Two full weeks have passed since the government shutdown[1] began. And as of Thursday, there still was not much hope that the stalemate in Congress would come to a close anytime soon.
Democrats on Thursday blocked a bill that would have funded the Pentagon for a year, citing objections to spending on the military without also funding other important programs, including healthcare and housing. Senate Majority Leader John Thune sent the upper chamber home for the weekend after the vote on Thursday, ensuring that a funding lapse would last at least until Monday.
As the shutdown continues, it is also increasingly impacting parts of the real estate industry, including government-backed loan programs, operations at the Department of Housing and Urban Development (HUD), mortgage rates, select state economies and more.

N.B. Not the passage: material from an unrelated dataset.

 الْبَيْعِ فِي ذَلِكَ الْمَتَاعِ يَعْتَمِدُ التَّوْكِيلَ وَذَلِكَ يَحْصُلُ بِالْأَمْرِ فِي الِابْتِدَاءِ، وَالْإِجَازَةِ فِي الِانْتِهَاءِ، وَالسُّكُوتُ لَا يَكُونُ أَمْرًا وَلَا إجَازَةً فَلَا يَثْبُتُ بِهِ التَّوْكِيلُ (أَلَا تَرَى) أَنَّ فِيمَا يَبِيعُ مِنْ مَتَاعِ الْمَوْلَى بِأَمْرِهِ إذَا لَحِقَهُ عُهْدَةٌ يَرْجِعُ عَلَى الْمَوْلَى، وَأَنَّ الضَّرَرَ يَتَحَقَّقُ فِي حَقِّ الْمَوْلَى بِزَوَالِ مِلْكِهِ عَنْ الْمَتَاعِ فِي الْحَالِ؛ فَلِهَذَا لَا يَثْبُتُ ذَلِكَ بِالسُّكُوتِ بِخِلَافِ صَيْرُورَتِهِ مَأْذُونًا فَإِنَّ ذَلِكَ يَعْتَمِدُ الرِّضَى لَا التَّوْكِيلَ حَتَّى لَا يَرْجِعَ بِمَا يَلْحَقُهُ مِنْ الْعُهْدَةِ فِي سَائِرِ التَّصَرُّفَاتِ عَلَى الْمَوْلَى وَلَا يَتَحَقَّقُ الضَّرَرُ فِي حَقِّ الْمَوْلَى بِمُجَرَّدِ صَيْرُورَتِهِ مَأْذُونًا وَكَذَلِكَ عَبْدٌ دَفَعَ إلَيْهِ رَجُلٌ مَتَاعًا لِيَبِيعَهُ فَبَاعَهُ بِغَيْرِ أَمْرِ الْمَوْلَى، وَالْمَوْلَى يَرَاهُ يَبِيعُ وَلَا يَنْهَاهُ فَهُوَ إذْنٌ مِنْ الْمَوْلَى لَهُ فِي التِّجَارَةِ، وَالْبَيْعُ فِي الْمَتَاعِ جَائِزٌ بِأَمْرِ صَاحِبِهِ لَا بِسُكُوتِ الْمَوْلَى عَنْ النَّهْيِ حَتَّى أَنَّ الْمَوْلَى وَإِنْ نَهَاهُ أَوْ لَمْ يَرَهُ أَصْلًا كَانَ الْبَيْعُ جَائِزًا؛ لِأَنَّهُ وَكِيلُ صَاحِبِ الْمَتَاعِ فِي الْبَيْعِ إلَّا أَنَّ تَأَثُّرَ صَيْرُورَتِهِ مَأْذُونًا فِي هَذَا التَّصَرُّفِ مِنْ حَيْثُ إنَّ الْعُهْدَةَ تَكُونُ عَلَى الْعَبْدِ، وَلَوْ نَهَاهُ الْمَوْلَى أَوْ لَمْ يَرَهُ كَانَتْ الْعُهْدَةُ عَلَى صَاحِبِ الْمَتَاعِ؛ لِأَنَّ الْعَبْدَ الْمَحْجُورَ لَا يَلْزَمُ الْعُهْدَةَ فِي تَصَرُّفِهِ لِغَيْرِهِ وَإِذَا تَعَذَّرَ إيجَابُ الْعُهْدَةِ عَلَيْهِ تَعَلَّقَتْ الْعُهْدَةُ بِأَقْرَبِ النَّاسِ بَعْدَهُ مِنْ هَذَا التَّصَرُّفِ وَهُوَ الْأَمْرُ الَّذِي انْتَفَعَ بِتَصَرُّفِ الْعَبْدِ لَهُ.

“Real estate accounts for nearly 20 percent of the U.S. economy, touching every community and driving millions of jobs,” NAR Executive Vice President and Chief Advocacy Officer Shannon McGahn said in an op-ed for HousingWire[2]. “Each additional day of uncertainty threatens programs that help buyers, sellers and property owners navigate an already challenging market.”
Previously, Inman reported on how the shutdown was impacting things[3] like access to housing data, decision-making on home moves, mortgage rates, and government-backed home loans and flood insurance policies. Since then, new complications have come into play across the real estate industry. Here’s the latest.
Layoffs at HUD
A total of 442 HUD employees were included in the last round of the Trump administration’s layoffs.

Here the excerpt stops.